Problem statement:
Span requested from the data below: the line with "Konzultace v Poradně" through the line with "Villa termal de Archena.", both included. Give only these lines again, exactly, and leave every picture out.

Records excerpted from a collection:
== Segment start ==

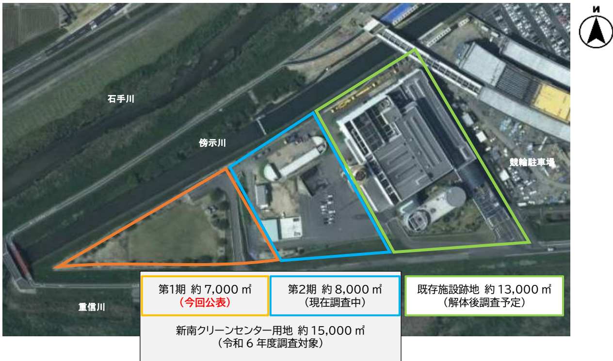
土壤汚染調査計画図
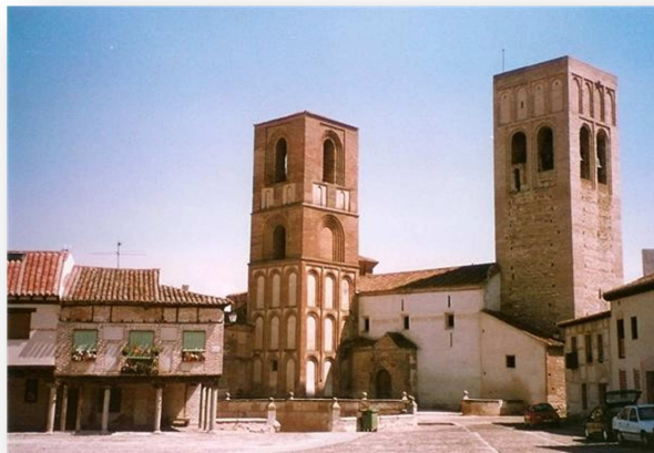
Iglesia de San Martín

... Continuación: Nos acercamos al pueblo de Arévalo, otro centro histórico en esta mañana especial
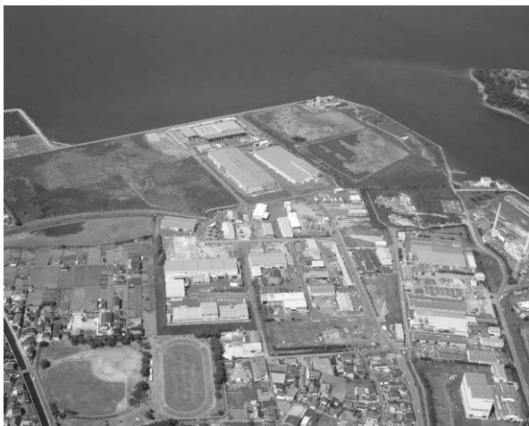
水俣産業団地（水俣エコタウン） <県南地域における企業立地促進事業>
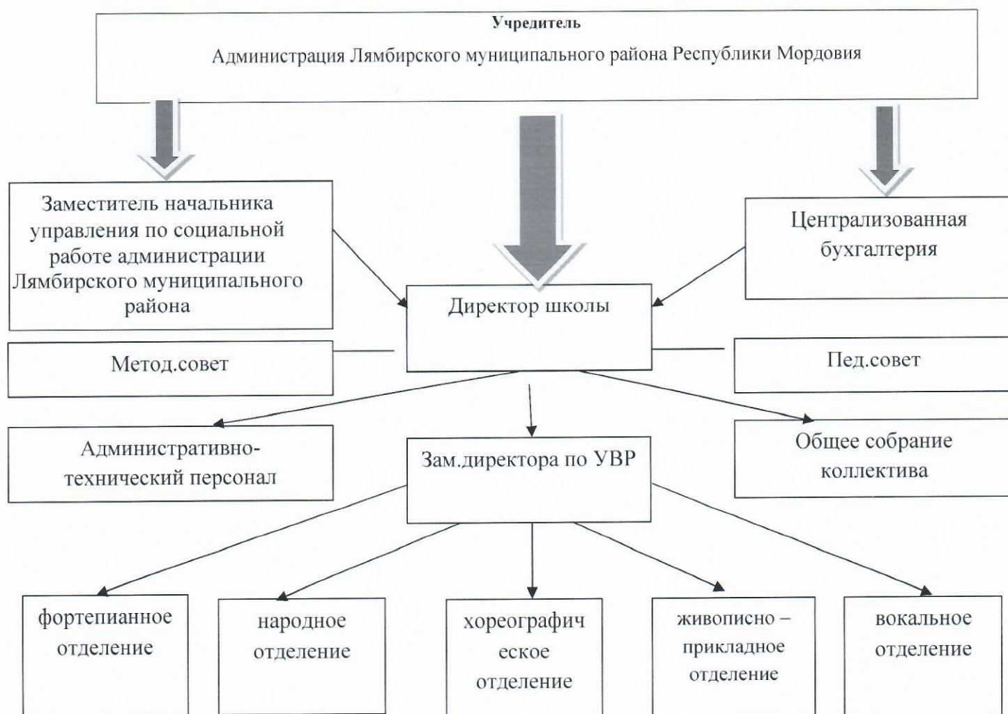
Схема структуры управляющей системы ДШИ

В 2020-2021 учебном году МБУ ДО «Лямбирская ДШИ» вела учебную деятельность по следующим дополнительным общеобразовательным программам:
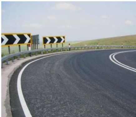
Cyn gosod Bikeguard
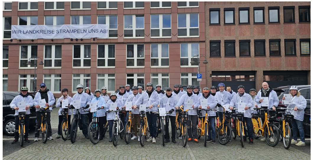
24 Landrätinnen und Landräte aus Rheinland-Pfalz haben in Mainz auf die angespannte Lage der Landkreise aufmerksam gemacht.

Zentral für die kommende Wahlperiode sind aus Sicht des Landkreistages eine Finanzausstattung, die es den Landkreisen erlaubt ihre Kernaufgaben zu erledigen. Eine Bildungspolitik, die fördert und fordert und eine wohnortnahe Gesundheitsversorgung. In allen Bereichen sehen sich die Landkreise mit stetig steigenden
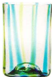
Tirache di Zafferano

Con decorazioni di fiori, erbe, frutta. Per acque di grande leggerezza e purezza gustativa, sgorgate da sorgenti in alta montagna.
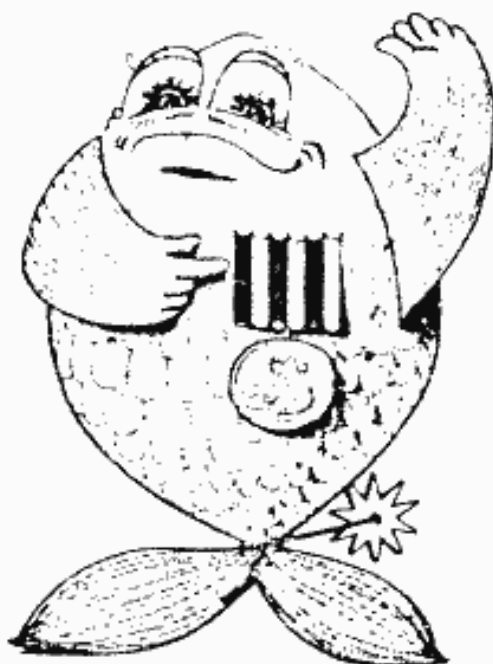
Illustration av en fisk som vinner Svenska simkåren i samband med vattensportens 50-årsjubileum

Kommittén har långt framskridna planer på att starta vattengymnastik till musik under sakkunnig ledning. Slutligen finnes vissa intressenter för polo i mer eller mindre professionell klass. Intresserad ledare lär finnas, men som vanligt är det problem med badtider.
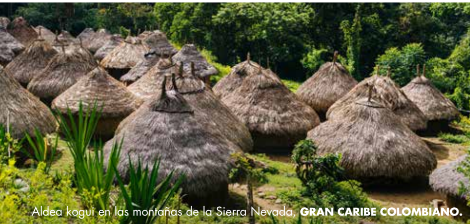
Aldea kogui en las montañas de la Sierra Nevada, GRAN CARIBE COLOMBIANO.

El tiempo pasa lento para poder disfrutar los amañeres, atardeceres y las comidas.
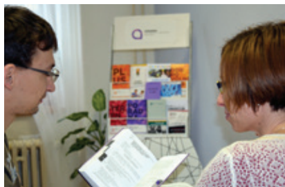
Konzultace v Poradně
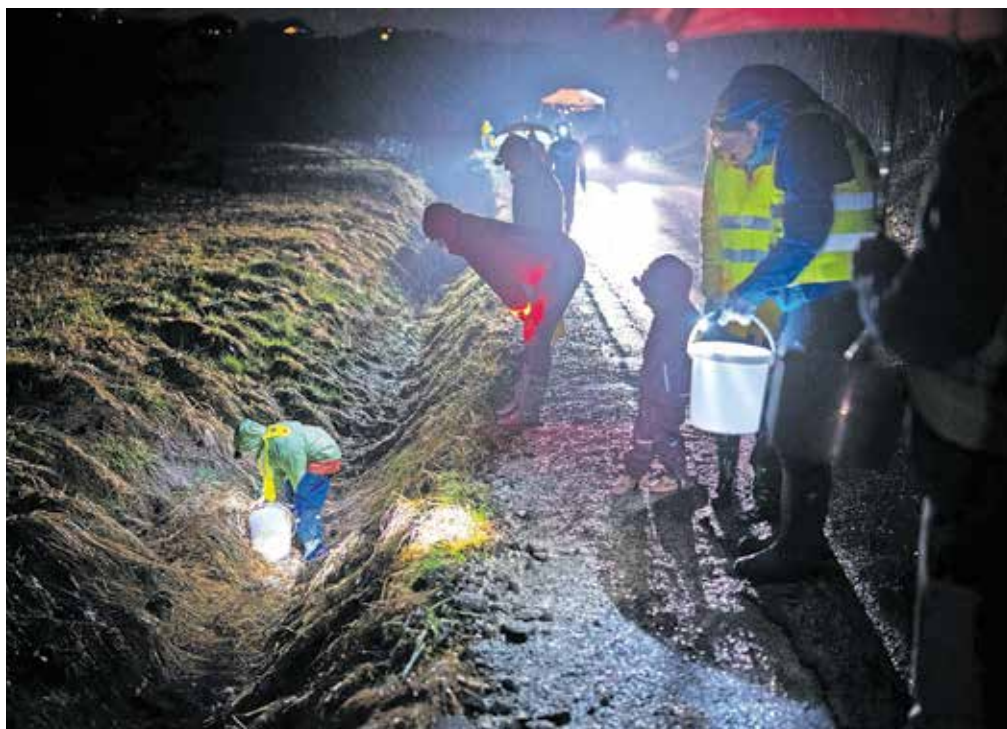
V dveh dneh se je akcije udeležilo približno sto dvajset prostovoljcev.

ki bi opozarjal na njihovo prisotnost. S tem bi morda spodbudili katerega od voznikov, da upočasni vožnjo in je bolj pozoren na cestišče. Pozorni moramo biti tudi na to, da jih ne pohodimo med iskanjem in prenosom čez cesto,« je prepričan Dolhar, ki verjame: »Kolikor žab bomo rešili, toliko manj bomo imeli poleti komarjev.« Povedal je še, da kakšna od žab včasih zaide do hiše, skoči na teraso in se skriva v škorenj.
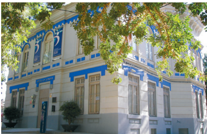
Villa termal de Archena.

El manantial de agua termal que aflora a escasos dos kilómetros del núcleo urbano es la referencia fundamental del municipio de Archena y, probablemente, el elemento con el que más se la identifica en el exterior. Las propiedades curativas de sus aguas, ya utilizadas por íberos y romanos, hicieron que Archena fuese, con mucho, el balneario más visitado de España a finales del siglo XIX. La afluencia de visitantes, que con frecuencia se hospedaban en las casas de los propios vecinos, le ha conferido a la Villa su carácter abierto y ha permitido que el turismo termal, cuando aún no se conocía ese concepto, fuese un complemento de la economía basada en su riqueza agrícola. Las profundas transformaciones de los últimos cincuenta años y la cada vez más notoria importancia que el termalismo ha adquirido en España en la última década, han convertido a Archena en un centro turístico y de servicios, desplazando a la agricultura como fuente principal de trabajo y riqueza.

== Segment end ==

Answer to this exercise:
Konzultace v Poradně
V dveh dneh se je akcije udeležilo približno sto dvajset prostovoljcev.

ki bi opozarjal na njihovo prisotnost. S tem bi morda spodbudili katerega od voznikov, da upočasni vožnjo in je bolj pozoren na cestišče. Pozorni moramo biti tudi na to, da jih ne pohodimo med iskanjem in prenosom čez cesto,« je prepričan Dolhar, ki verjame: »Kolikor žab bomo rešili, toliko manj bomo imeli poleti komarjev.« Povedal je še, da kakšna od žab včasih zaide do hiše, skoči na teraso in se skriva v škorenj.
Villa termal de Archena.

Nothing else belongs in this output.